> TASK STATEMENT:
Set down, exactly as written, the lines from the top of the data to the line that holds "项目名称:南海区区域病理诊断中心检测合作服务", and omit the pictures.

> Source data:
========================================

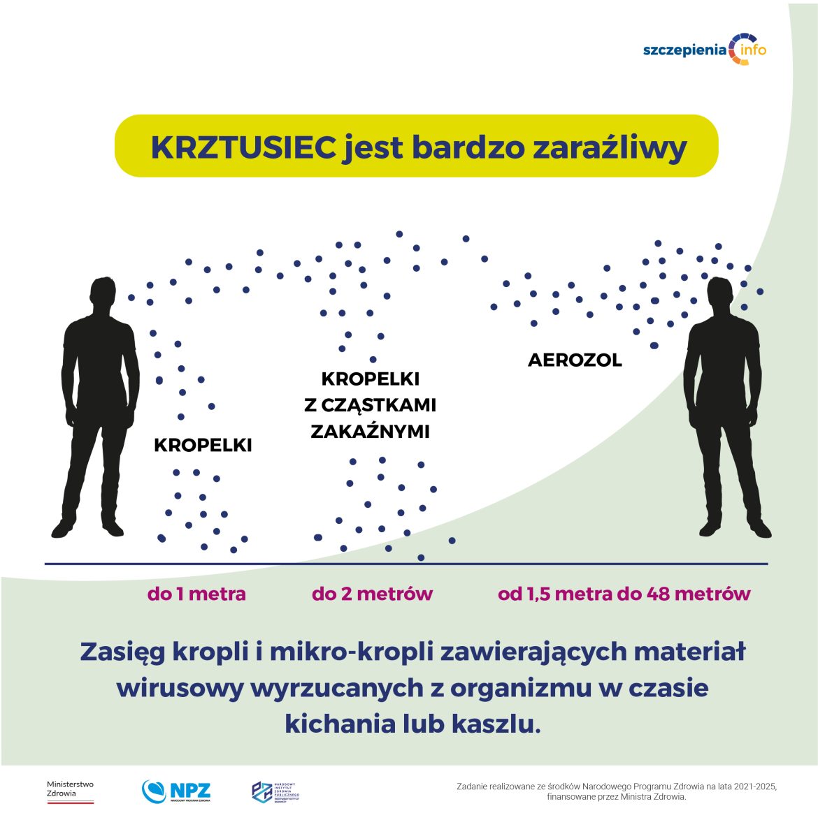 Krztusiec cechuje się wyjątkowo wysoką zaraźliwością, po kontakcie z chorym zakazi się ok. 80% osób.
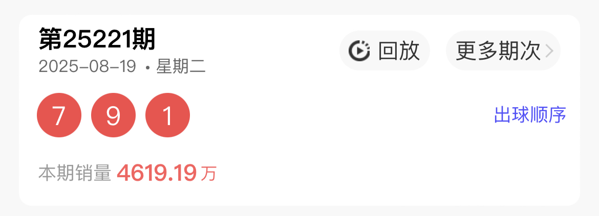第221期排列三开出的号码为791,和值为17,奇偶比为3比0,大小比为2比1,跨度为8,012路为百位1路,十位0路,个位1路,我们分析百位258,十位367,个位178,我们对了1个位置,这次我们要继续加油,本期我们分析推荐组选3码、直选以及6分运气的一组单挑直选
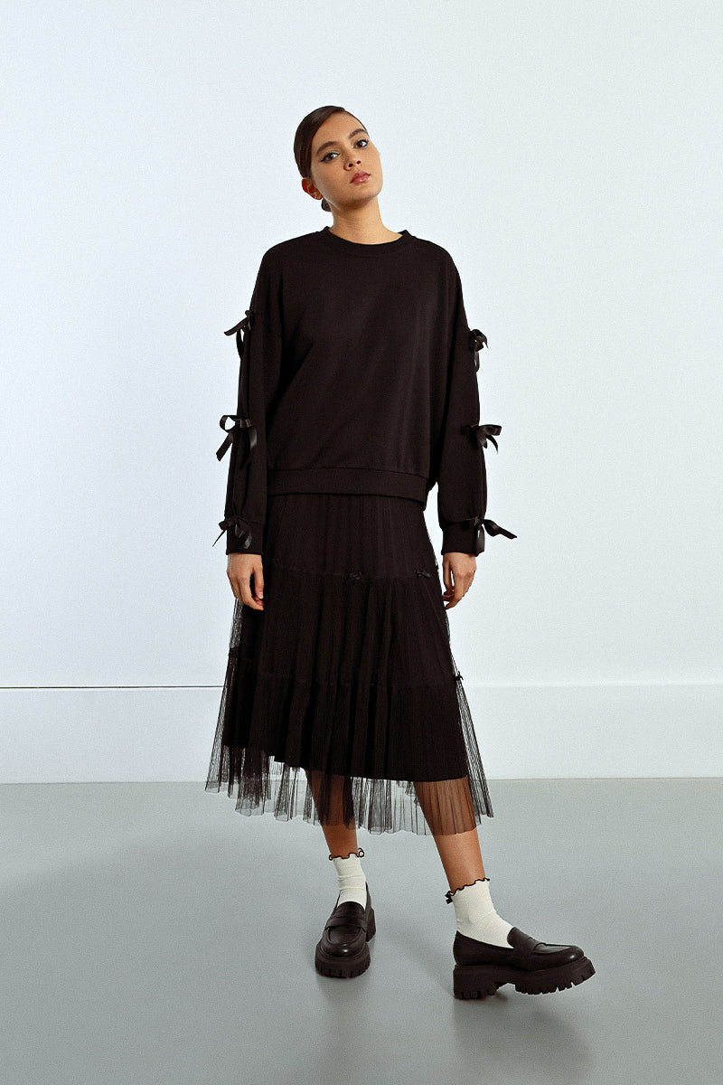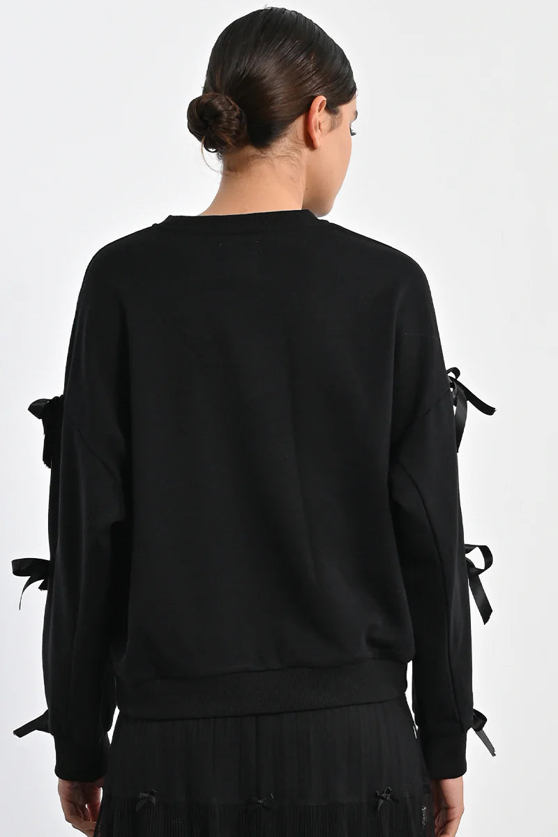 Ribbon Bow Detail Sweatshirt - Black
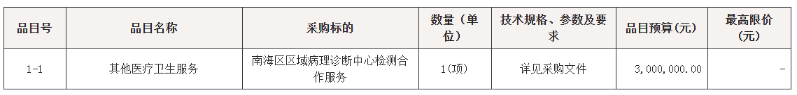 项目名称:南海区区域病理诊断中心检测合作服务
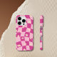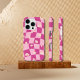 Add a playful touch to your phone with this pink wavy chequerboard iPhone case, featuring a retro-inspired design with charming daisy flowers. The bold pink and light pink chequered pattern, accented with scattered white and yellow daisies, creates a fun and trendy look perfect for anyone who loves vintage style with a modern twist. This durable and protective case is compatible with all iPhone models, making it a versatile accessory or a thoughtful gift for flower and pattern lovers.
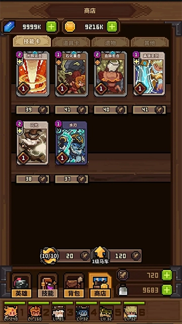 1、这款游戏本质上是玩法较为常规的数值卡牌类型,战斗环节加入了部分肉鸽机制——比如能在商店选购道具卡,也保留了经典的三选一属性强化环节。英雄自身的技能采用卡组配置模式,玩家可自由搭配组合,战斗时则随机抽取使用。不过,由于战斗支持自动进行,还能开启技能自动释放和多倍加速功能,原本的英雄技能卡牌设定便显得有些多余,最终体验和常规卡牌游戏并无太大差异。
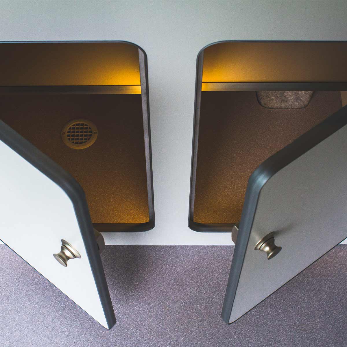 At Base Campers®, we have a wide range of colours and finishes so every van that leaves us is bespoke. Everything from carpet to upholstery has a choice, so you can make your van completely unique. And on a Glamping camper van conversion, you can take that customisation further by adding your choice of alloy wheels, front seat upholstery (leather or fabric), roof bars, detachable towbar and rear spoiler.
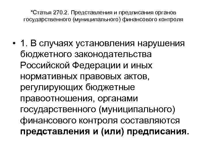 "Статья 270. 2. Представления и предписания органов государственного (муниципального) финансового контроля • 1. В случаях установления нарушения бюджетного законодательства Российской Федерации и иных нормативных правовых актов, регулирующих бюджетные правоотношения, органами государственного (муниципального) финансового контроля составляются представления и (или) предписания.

========================================

> OUTPUT BELOW:
 Krztusiec cechuje się wyjątkowo wysoką zaraźliwością, po kontakcie z chorym zakazi się ok. 80% osób.
第221期排列三开出的号码为791,和值为17,奇偶比为3比0,大小比为2比1,跨度为8,012路为百位1路,十位0路,个位1路,我们分析百位258,十位367,个位178,我们对了1个位置,这次我们要继续加油,本期我们分析推荐组选3码、直选以及6分运气的一组单挑直选
 Ribbon Bow Detail Sweatshirt - Black
 项目名称:南海区区域病理诊断中心检测合作服务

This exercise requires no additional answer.